More signs of a slowing economy with manufacturing activity contracting last month, but don’t expect the Reserve Bank to move quickly to cut interest rates, unless it is suddenly convinced the economy has fallen into a big black hole.

The Reserve Bank board meets in Sydney on Tuesday and is not expected to shift rates but governor Glenn Stevens will give us an update on current thinking in his after meeting statement.

The Australian Industry Group/PriceWaterhouseCoopers Performance of Manufacturing Index showed another month of contraction last month as the slowdown which started around January-March continued. The result of 46.9 was the lowest since late 2005, when the Index was on 43.7.

The RBA is likely to recognise the continued tightening and send a signal that a rate cut is moving closer, but the bank will still voice its reservations about moving too early, given the surge of export income now entering the economy and stubbornly high inflation.

The monthly TD Securities/Melbourne Institute Inflation gauge this morning revealed that consumer prices rose at an annual rate of 4.6% in June, down from the 4.8% annual rate in June. If maintained for the next couple of months, it could be a sign that inflation has peaked for the time being. For that reason the RBA is likely to wait until the next CPI numbers are released in late October and the most likely month for a cut is November.

But with global commodity prices experiencing their biggest fall in nearly 30 years in July, led by falling oil, wheat, corn, zinc and copper prices, pressure seems to be easing on inflation.

Corn and wheat prices in particular are now sharply lower than the worrying all time highs earlier in the year, while oil at $US124 a barrel, is now $US23 under the all time high set on July 11.

But the RBA is likely to wait and see if these falls continue into August and beyond.

July employment figures and June quarter House price Index figures are also out next week, as is housing finance figures for June; all of which will increase pressure on the bank to move rates sooner than it wants to.

TD Securities senior strategist Joshua Williamson has been forecasting a cut in December but now thinks the bank should consider bringing down rates even sooner.

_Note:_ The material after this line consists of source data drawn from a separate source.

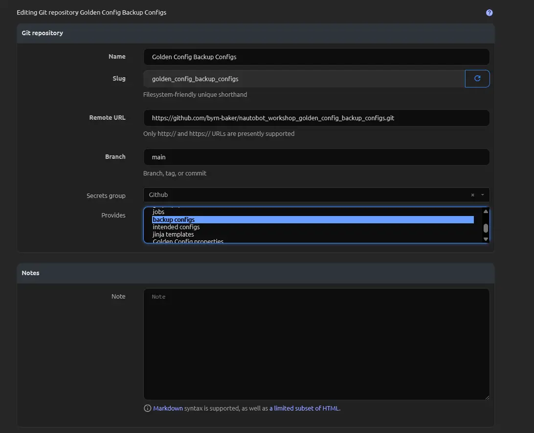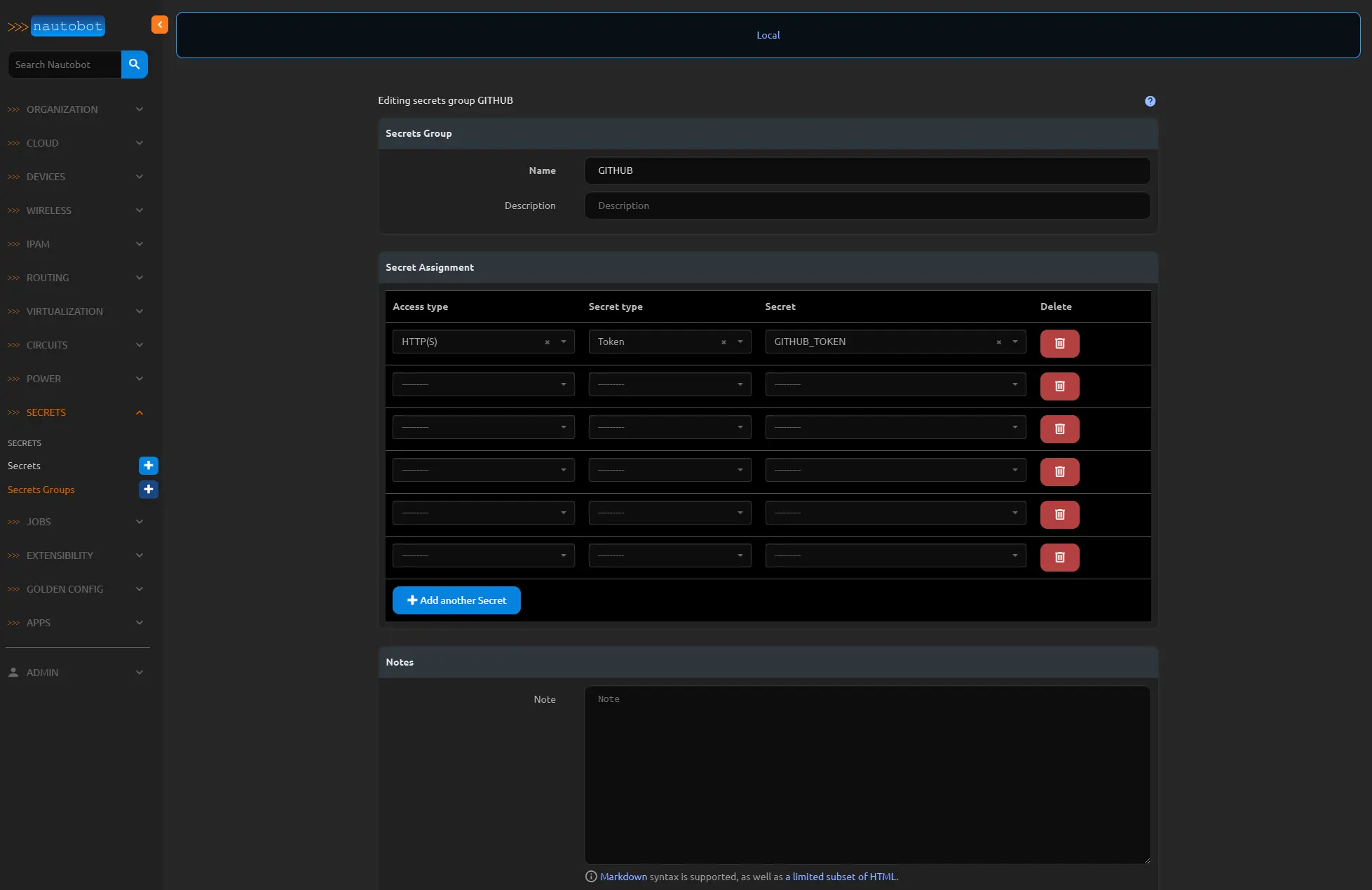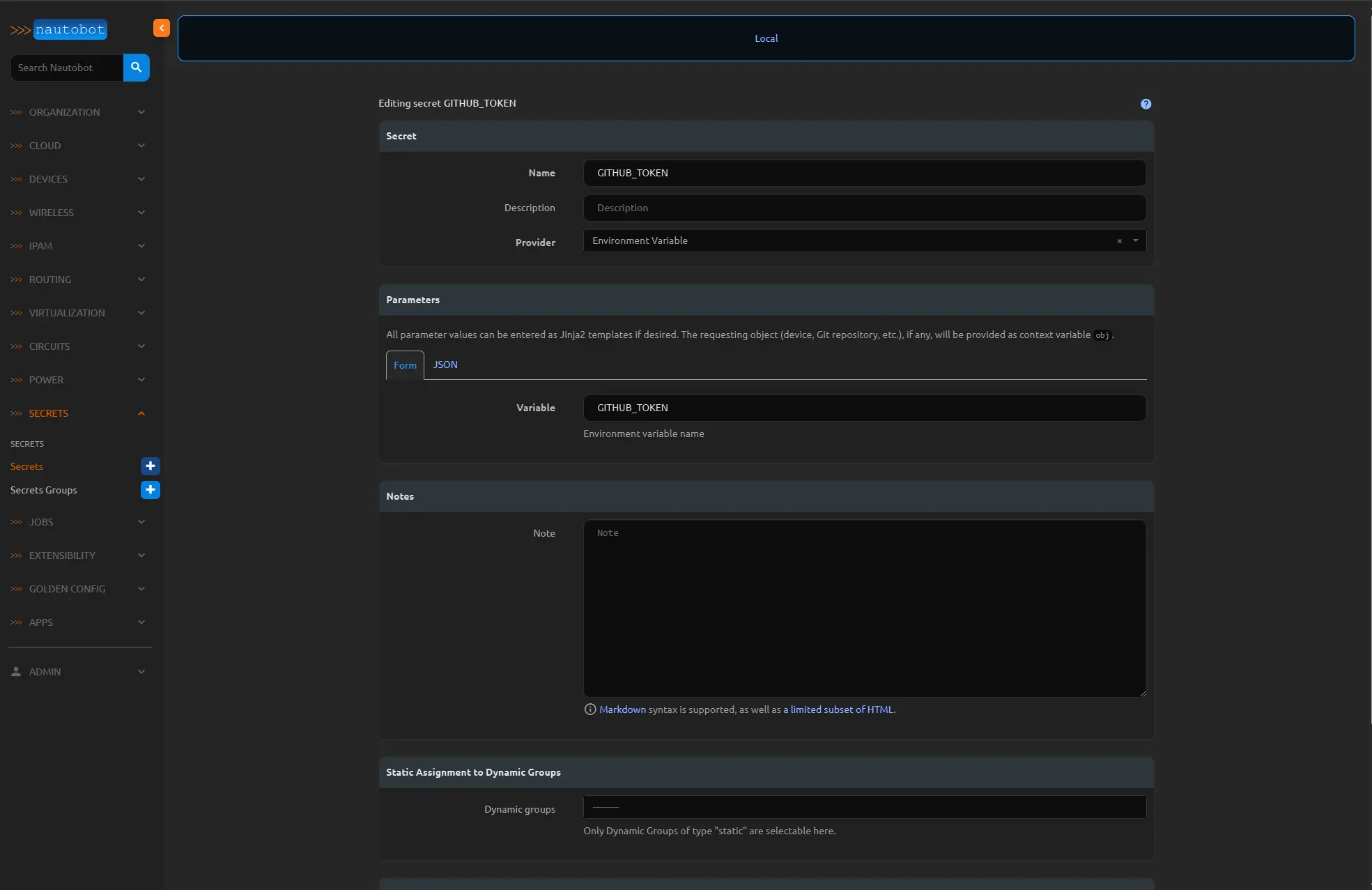 In your Nautobot GUI you will need to create a new secret under SECRETS category. Create a new secret and name it βGITHUB_TOKENβ. The Provider should be Environment Variable, and variable should be exactly what you placed in your creds.env file.
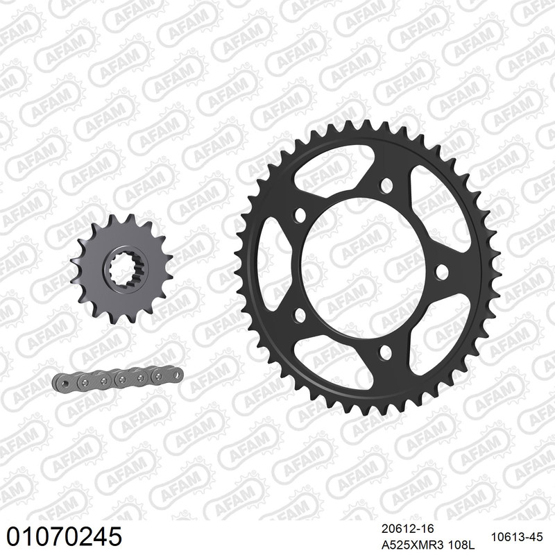 AFAM Kettenkit für Motorräder mit hochwertiger AFAM 525 Antriebskette vom Typ XMR3 inklusive passendem Nietschloss (Hohlbolzen).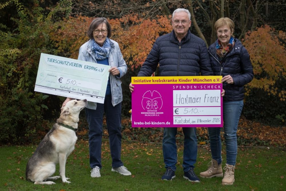Dabei ist die stolze Summe von 1.020,00 Euro zusammen gekommen. Diese hat er zu je 50 % (510,00 €) an die Initiative krebskranke Kinder München e.V. und dem Tierschutzverein Landkreis Erding e.V. übergeben.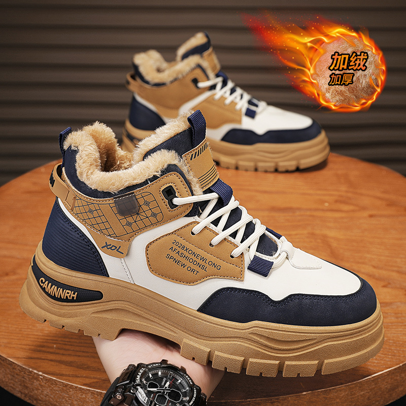 冬季 加绒靴子百搭高帮休闲皮鞋 男鞋 潮流男士 韩版 马丁靴男2025新款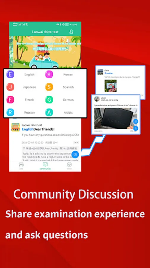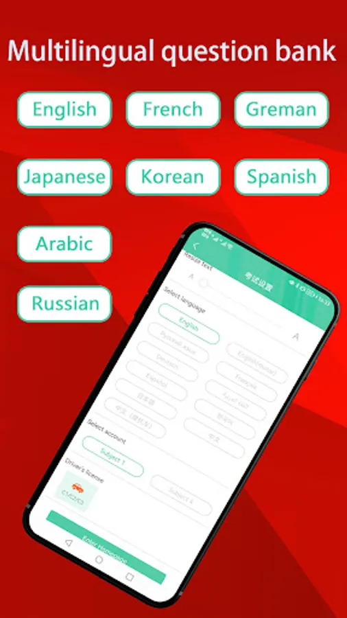 There are nine language test banks in the foreigner driving test APP, including English, French, German, Japanese, Korean, Russian, Spanish, Arabic and Chinese.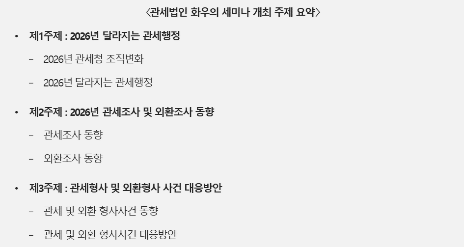 이에 따라, 관세법인 화우는 법무법인 화우와 공동으로, 최근 관세청의 외환검사 강화 추진 내용을 전파하고, 기업 리스크 대응전략을 공유하는 세미나를 2026년 1월 23일 개최하였습니다. 이번 세미나는 화우 조세그룹 변호사와 관세법인 화우 관세사들이 2026년부터 달라지는 관세행정과 외환검사 동향을 납세자 또는 수출입기업 관점에서 체계적으로 정리하고, 기업 현장에서 예상되는 리스크와 대응방향을 공유하기 위해 마련되었습니다.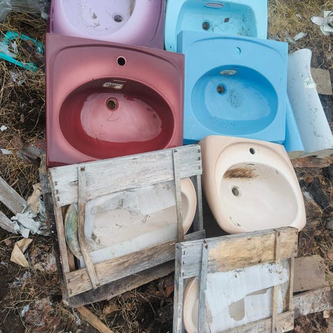 Tästä nyt kunnostettu vanha valurautainen kaatoallas/pesuallas uuteen osoitteeseen. Vanhat maalit ja ruosteet hiekkapuhallettu pois ja maalattu sen jälkeen jauhemaalilla antiikinkuparin sävyiseksi. Kuvia saa työvaiheista kysymällä jos kiinnostaa.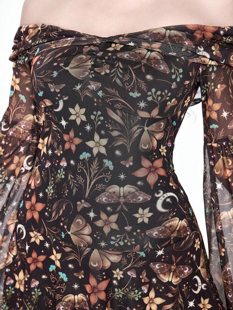 Goth Vestido con estampado todo sobre de hoja marchita, polilla, floral, estrella y seta con mangas acampanadas y hombros descubiertos en estilo gótico vintage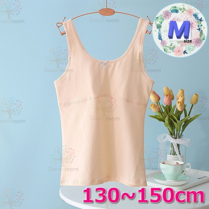 kids 通気性◎ タンクトップ 【M】ベージュ 130-150cm 夏 スポーツブラ 子供 ファーストブラジャーインナー K-405-08

AMP Capital chief economist Shane Oliver urged the bank to drop rates immediately to ease the consumer pain and steer the economy out of recession.

“The RBA went too far with its rate hikes. Nobody wants to see retail spending falling as quickly as this,” he said.

But economists at investment bank, Merrill Lynch don’t think we will get a rate cut soon. They say a rate cut won’t happen until early next year. But Merrill Lynch was one of the last groups in the market to concede that the slowing economy would offset the expected sharp rise in June quarter inflation and not caused a rate cut.

But the AMP’s Dr Oliver said that “while RBA Governor Glenn Stevens has indicated the Bank will not wait for inflation to return to target before easing, it may take a while for it to become comfortable to start cutting. We believe that cash rates will start heading lower later this year and by end 2009 the official cash rate will be back down to around 6%.”

And the realisation that Australian interest rates could fall because of the slumping domestic economy has seen the value of the Australian dollar drop more than two cents this week. The currency was trading around 93.77 US cents this morning, down from 95.84 at the close of local trading last Friday. This fall will go someway to offsetting the drop in the world oil and petrol price if it’s maintained for the next few weeks.